Kampuchean Federation of Trade Unions
- Founded: 1979
- Dissolved: 1999
- Headquarters: Phnom Penh
- Location: Cambodia;
- Members: 62,000 (1983)
- Key people: Men Sam An, chairwoman
- Affiliations: World Federation of Trade Unions

= Kampuchean Federation of Trade Unions =

The Kampuchean Federation of Trade Unions (abbreviated KAFTU) was a trade union centre in the People's Republic of Kampuchea (present-day Cambodia). In the official PRK discourse, KAFTU was referred to as "the training school of the working class for economic and administrative management". KAFTU was affiliated to the World Federation of Trade Unions.

The organization was founded in 1979. It was one of the major mass organizations during the PRK period, and it was a key constituent of the Kampuchean United Front for National Construction and Defence. During the PRK period, workers paid one percent of their income to the trade union movement.
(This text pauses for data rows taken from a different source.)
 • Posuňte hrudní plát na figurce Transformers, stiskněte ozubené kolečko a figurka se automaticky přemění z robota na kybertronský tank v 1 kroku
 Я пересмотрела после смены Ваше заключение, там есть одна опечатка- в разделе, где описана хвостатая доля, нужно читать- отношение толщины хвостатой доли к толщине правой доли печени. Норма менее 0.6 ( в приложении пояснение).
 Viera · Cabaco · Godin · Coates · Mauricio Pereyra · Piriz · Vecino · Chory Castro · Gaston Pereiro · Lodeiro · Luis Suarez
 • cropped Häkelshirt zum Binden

The organization opened its first congress on December 7, 1983. 302 delegates and 160 observers participated in the event. As of December 1983, KAFTU claimed a membership of around 62,000. The membership was mainly based amongst civil servants. KAFTU also organized workers in the rubber plantations and industries, such as weaving factories, flour factories, liquor factories, bar soap enterprises and glass factories. As of 1989, Men Sam An served as chairwoman of KAFTU and Lay Samon as vice chairman.
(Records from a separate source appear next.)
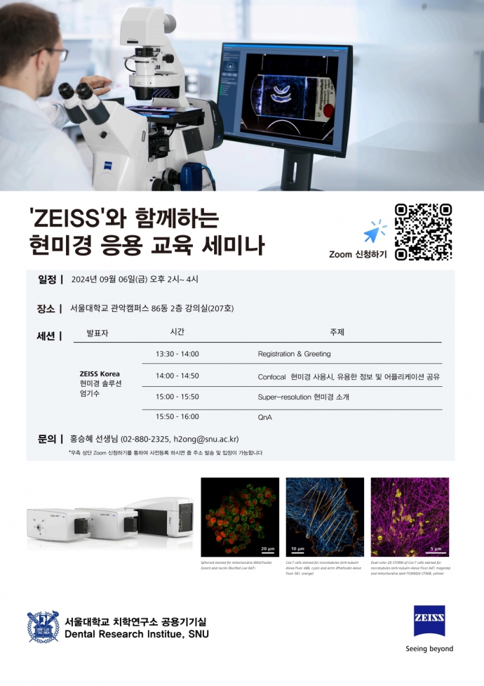 제목 : [관악 공용기기실] 'ZEISS'와 함께하는 현미경 응용 솔루션 세미나 안내
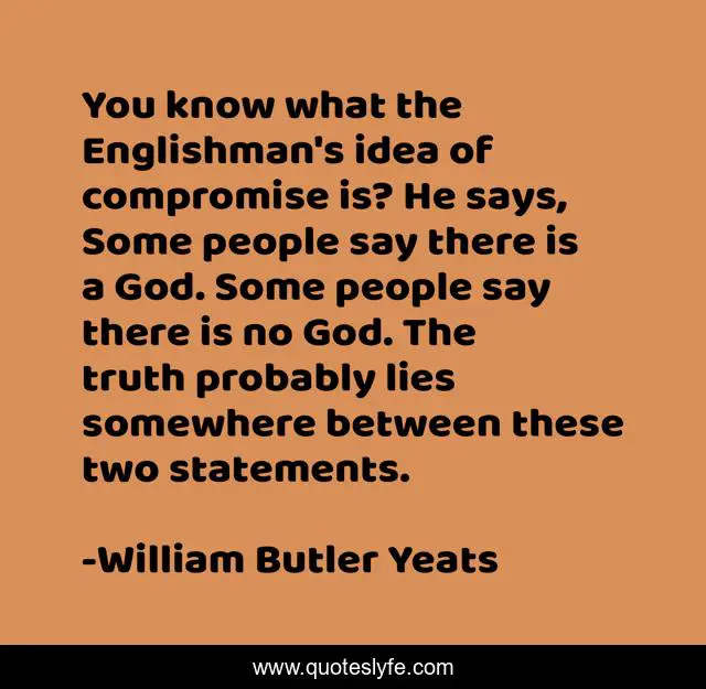 This page presents the quote "You know what the Englishman's idea of compromise is? He says, Some people say there is a God. Some people say there is no God. The truth probably lies somewhere between these two statements.". Author of this quote is William Butler Yeats. This quote is about god, compromise, people,.
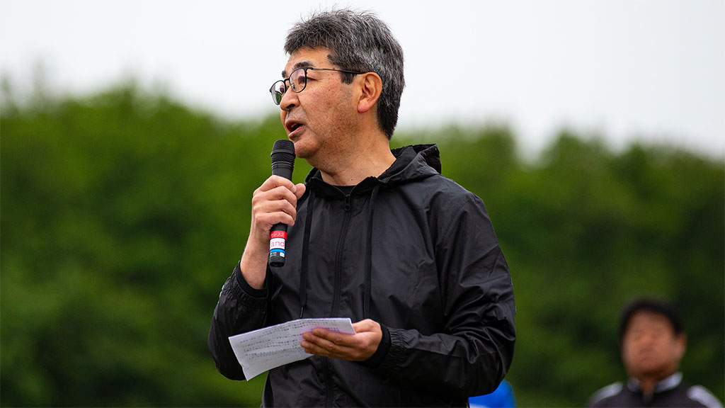 「みなさん、こんにちは。今日は朝まで雨が降っていたものの、大会が始まるころには天気も落ち着き、心地よい気候の中でRedsLand CUPを開催できたことを嬉しく思います。
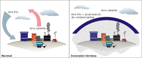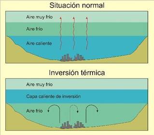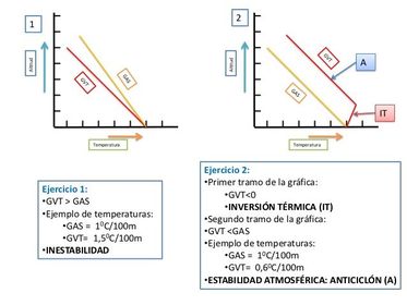 | En algunas condiciones, junto a la superficie o entre ciertas alturas, el GVT puede ser negativo, este fenómeno se conoce como INVERSIÓN TÉRMICA, es decir, que hay AIRE CÁLIDO por encima de AIRE FRIO, implica, dificultad de mezcla de aire (solo ocurre en situaciones de tiempo frío y estable) | |
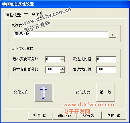 (1)锅炉水位的属性设置;在用户窗口中,双击自动窗口 进入,选中锅炉锅炉水位构件双击则弹出单元属性设置窗口。把表达式的值改为锅炉水位 最小表达式的值改为0 最大表达式的值改为100。具体设置参照如图实训7-8所示。
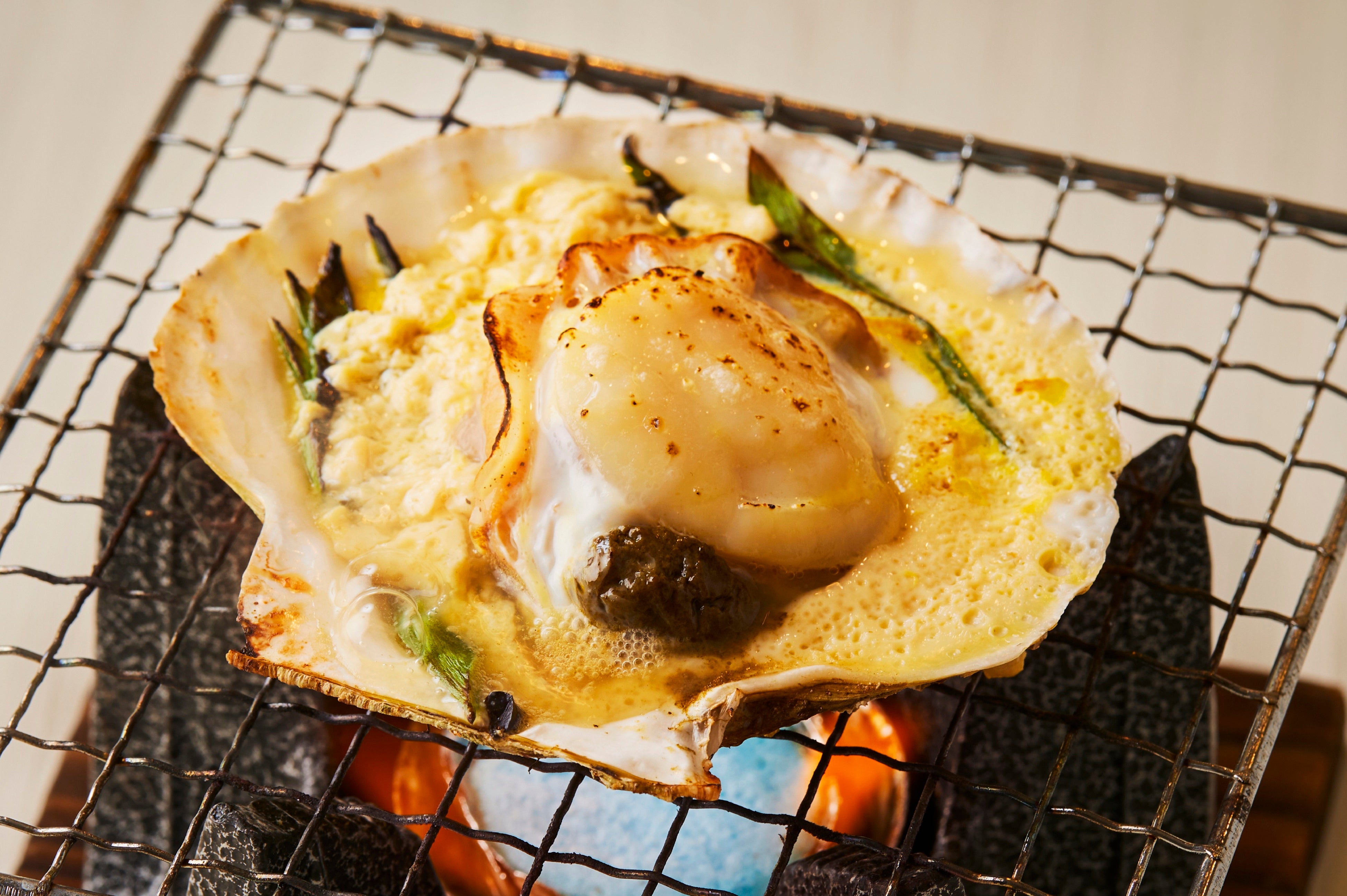 ・青森県産帆立と青玉の貝焼き

As of 1993, KAFTU has become dormant. The last congress of the organization had been held in 1989. It was still the sole trade union organization in the country, however. In a later response to the struggles of garment industries' workers in the new capitalist economy, the organization began to reorganize itself (as the 'Cambodian Federation of Trade Unions'). It began to distribute membership cards again, particularly amongst garment, winery, port and transport workers. As of the mid-1990s, Men Sam An (the highest-ranking woman within the ruling Cambodian People's Party at the time, later the Deputy Prime Minister of the country) was still the head of the organization. In 1999 the organization was substituted by the Cambodian Federation of Independent Trade Unions.